**WHAT IS NEEDED**.
With the exception of the pictures, transcribe the entire listing exactly.

**PROVIDED DATA**.
....................

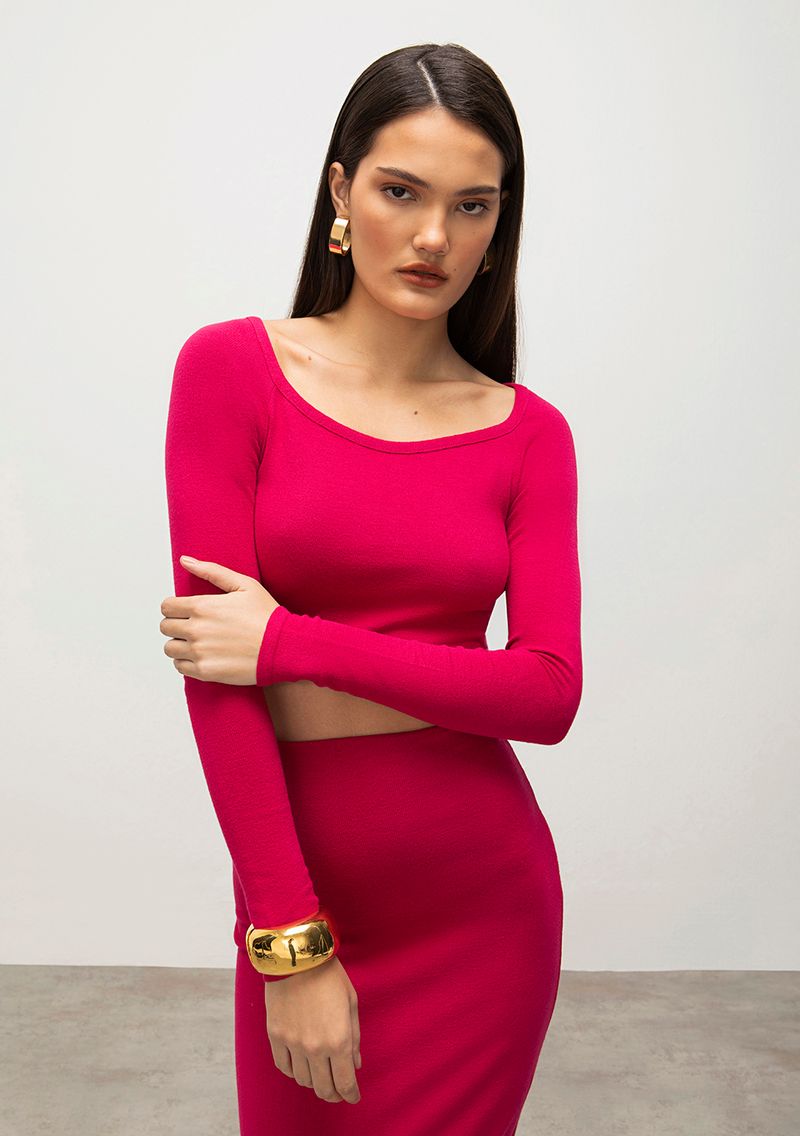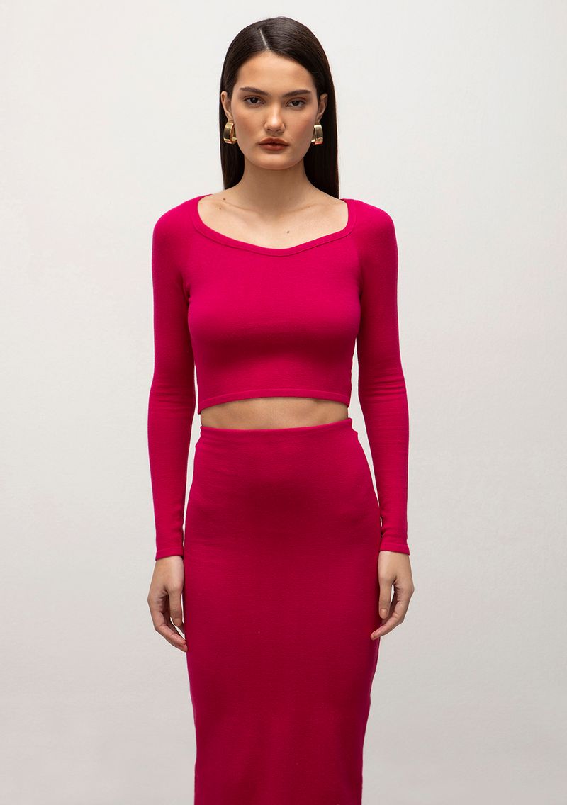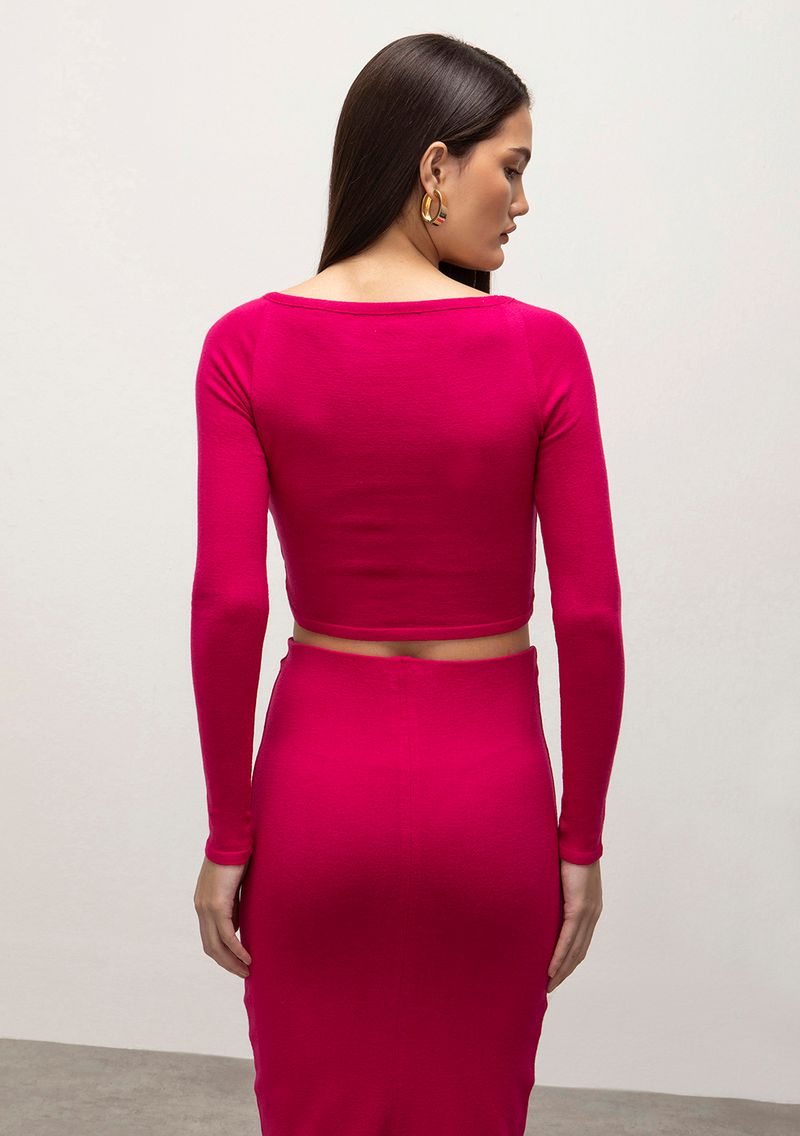 Blusa Iódice Decote V Manga Longa Tricôt Pink
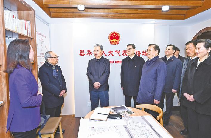 1月22日至24日,中共中央政治局常委、全国人大常委会委员长赵乐际在湖北调研。这是1月24日,赵乐际在武汉市武昌区昙华林人大代表联络站调研。(新华社发)
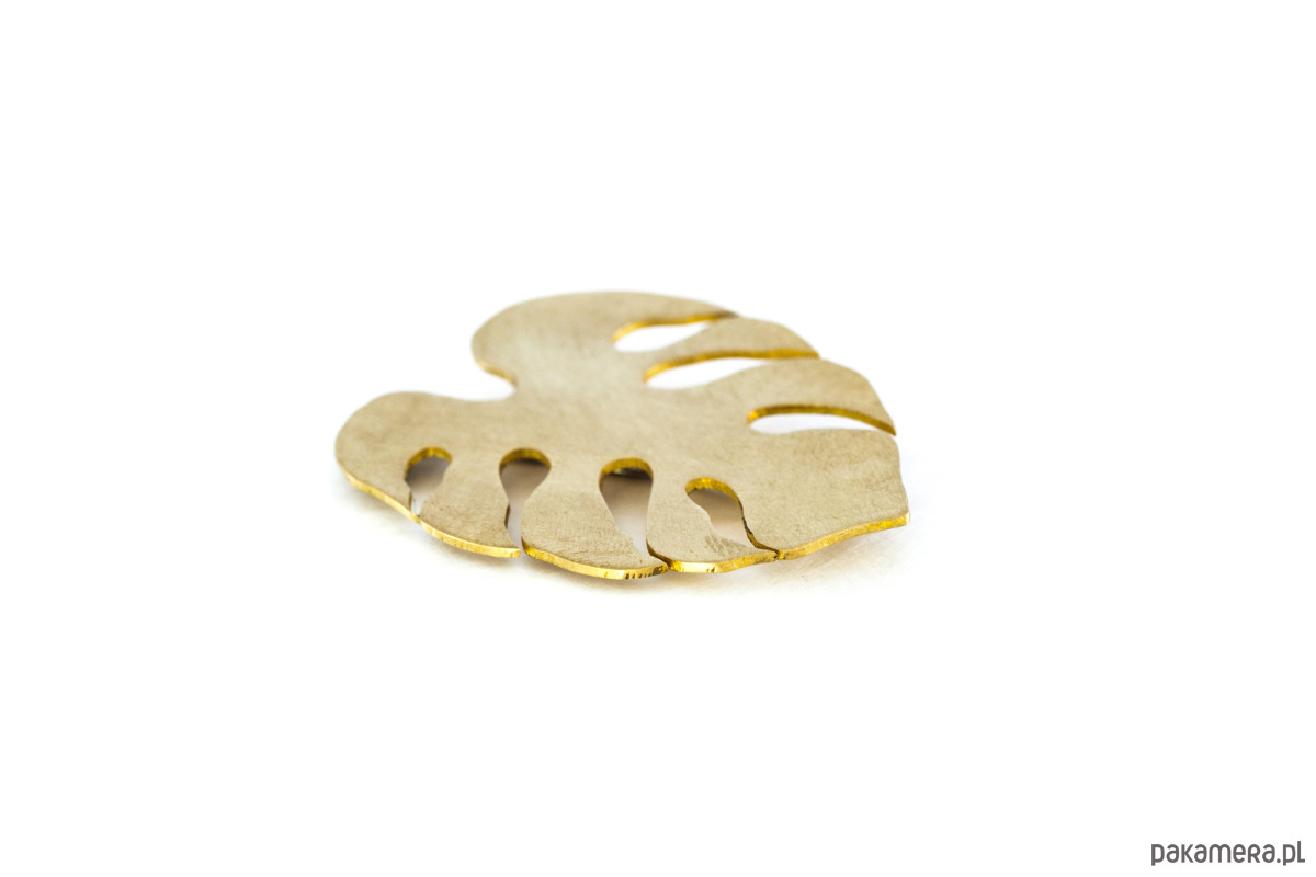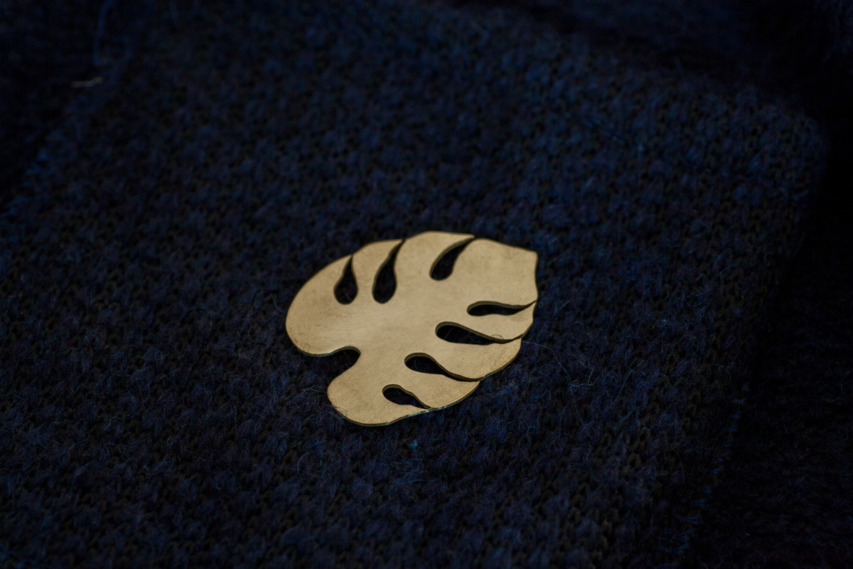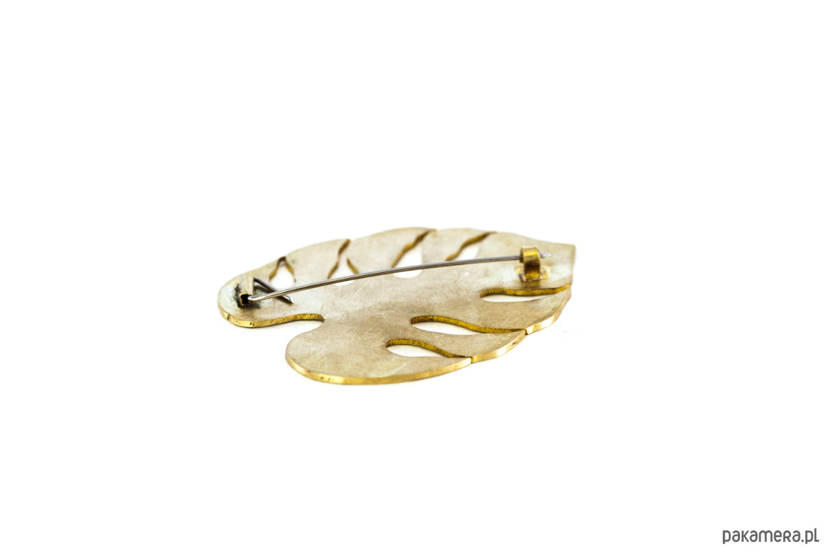 Broszka w kształcie liścia monstery.
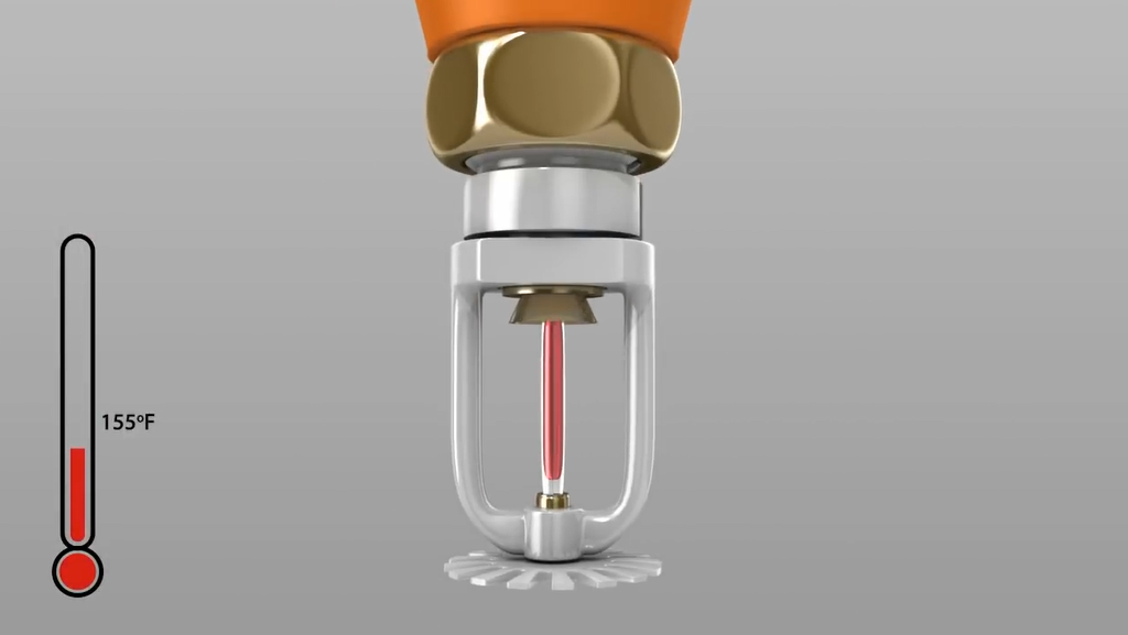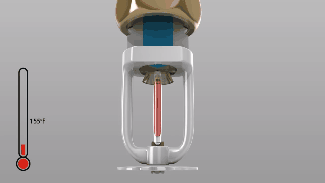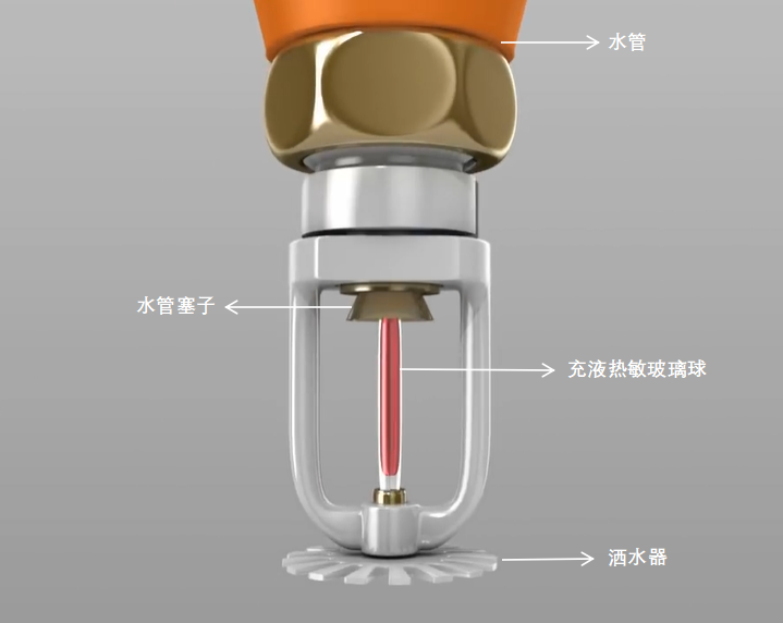 因为水总是在管道里,所以消防喷头就是处于“随时待命”状态,如果发生火灾,当空气中的温度达到足够高时,火源上方的空气温度会升高,而喷淋头中的玻璃球受到高温后,内部的液体就会开始膨胀,当超过了设定的膨胀温度后,液体就会将玻璃球挤破。

....................

**RESPONSE**.
 Blusa Iódice Decote V Manga Longa Tricôt Pink
 1月22日至24日,中共中央政治局常委、全国人大常委会委员长赵乐际在湖北调研。这是1月24日,赵乐际在武汉市武昌区昙华林人大代表联络站调研。(新华社发)
 Broszka w kształcie liścia monstery.
 因为水总是在管道里,所以消防喷头就是处于“随时待命”状态,如果发生火灾,当空气中的温度达到足够高时,火源上方的空气温度会升高,而喷淋头中的玻璃球受到高温后,内部的液体就会开始膨胀,当超过了设定的膨胀温度后,液体就会将玻璃球挤破。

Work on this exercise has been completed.